Work to be completed: Across the listing below, count every line where the string "Monopoli" appears, then give only the count.

Listed entries:
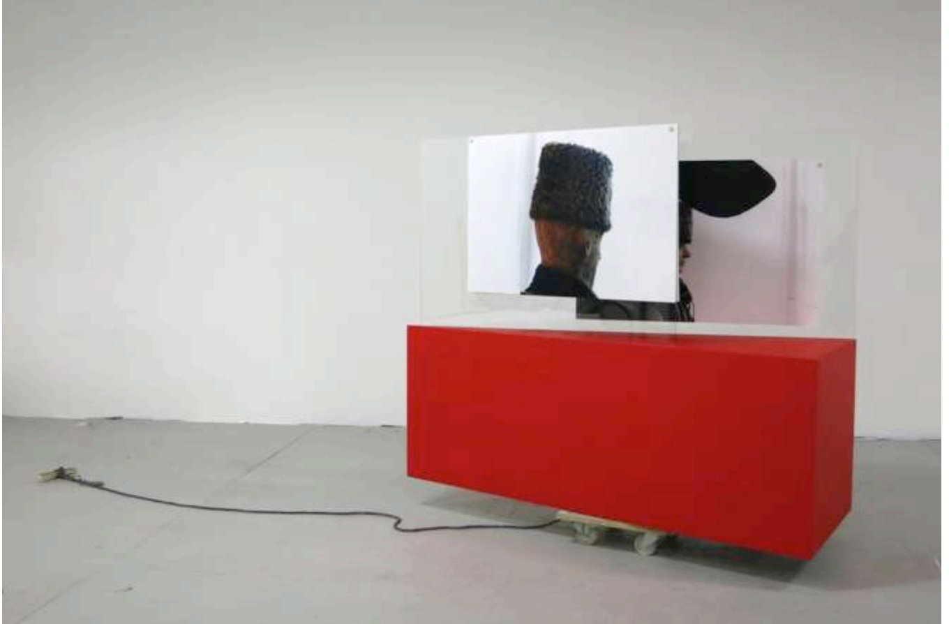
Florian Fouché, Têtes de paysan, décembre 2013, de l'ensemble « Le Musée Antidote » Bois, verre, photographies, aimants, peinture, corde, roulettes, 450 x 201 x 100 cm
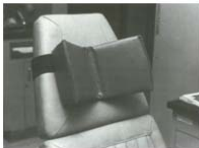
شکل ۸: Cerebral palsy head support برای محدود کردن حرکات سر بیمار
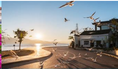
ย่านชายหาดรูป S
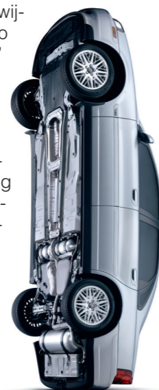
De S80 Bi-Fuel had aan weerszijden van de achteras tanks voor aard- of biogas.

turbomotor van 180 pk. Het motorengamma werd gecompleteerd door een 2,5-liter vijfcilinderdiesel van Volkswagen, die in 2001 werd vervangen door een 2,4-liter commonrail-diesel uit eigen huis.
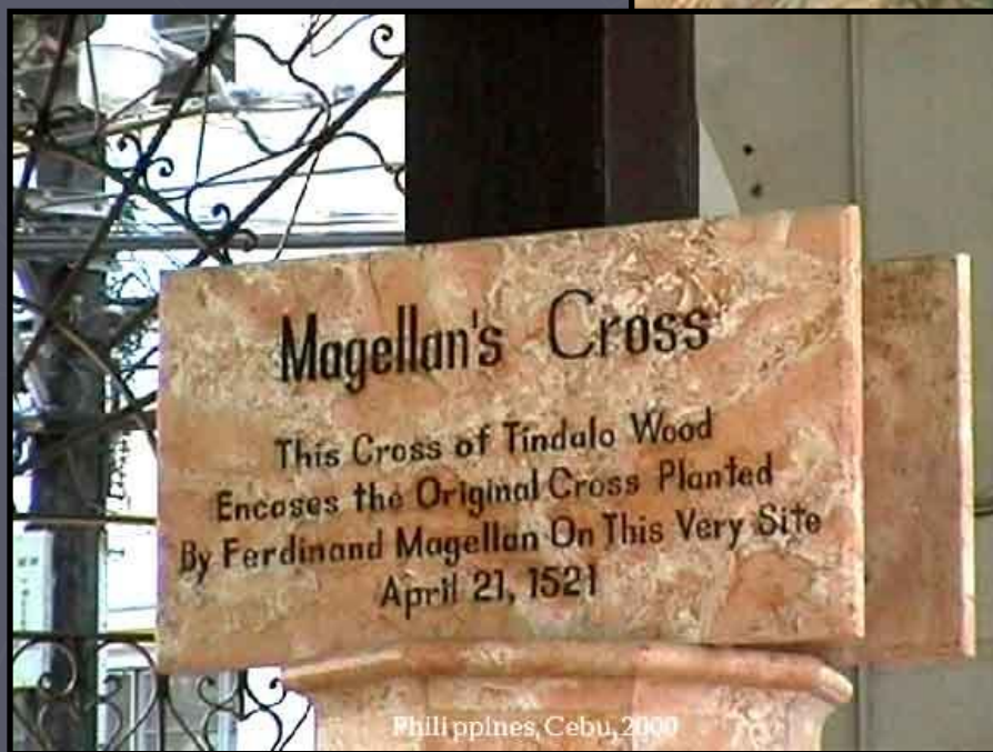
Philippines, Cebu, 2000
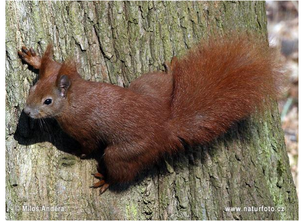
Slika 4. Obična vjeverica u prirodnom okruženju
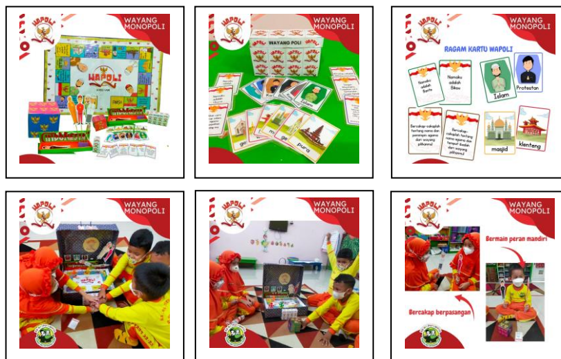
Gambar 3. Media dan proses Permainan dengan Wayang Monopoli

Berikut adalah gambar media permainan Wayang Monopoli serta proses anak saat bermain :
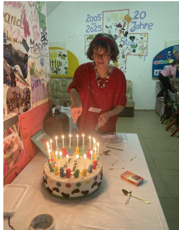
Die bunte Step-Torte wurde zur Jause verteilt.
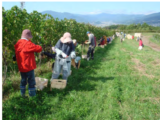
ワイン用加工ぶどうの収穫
==
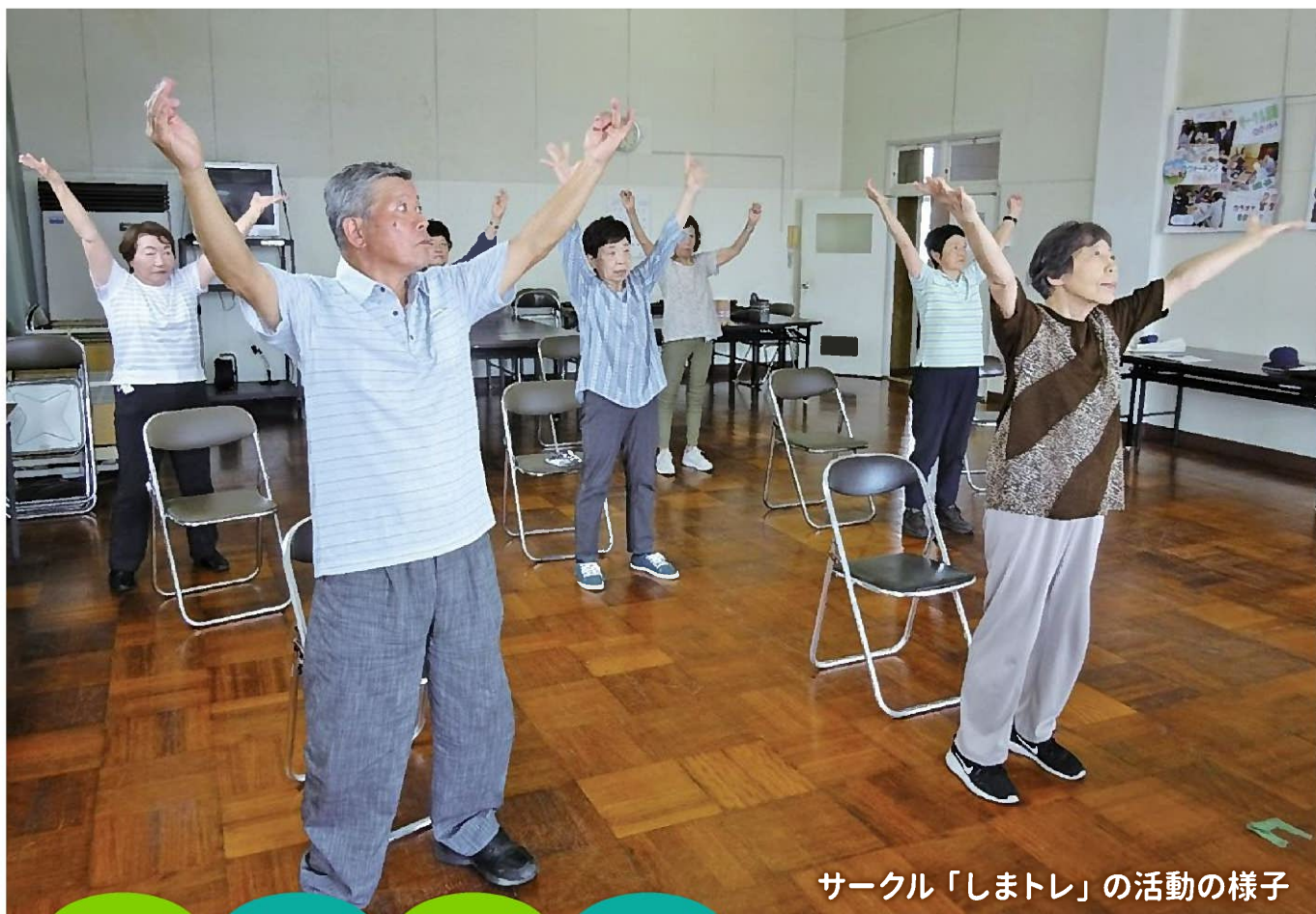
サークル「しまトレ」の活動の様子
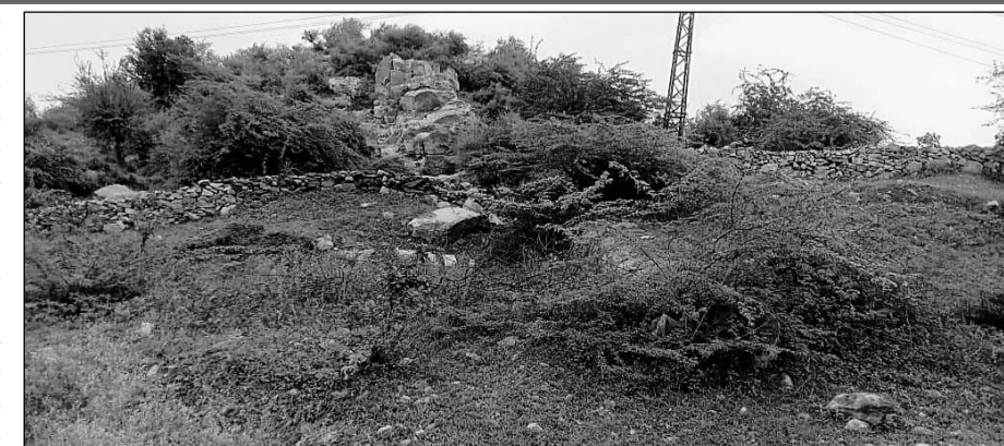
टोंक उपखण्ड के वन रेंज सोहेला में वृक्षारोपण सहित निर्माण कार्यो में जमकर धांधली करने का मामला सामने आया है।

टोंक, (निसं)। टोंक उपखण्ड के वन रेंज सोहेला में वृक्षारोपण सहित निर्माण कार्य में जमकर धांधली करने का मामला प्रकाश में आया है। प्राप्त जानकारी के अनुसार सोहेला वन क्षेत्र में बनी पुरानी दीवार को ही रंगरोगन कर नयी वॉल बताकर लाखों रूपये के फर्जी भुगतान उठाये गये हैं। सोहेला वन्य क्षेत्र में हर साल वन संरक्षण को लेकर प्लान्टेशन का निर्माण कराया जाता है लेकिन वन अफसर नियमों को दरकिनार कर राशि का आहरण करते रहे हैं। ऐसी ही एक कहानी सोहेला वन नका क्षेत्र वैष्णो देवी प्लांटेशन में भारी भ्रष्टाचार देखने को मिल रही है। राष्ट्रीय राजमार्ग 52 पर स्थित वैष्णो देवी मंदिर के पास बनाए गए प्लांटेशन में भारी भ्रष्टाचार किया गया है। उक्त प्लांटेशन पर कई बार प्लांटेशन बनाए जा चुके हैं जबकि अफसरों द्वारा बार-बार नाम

Answer to this exercise: 2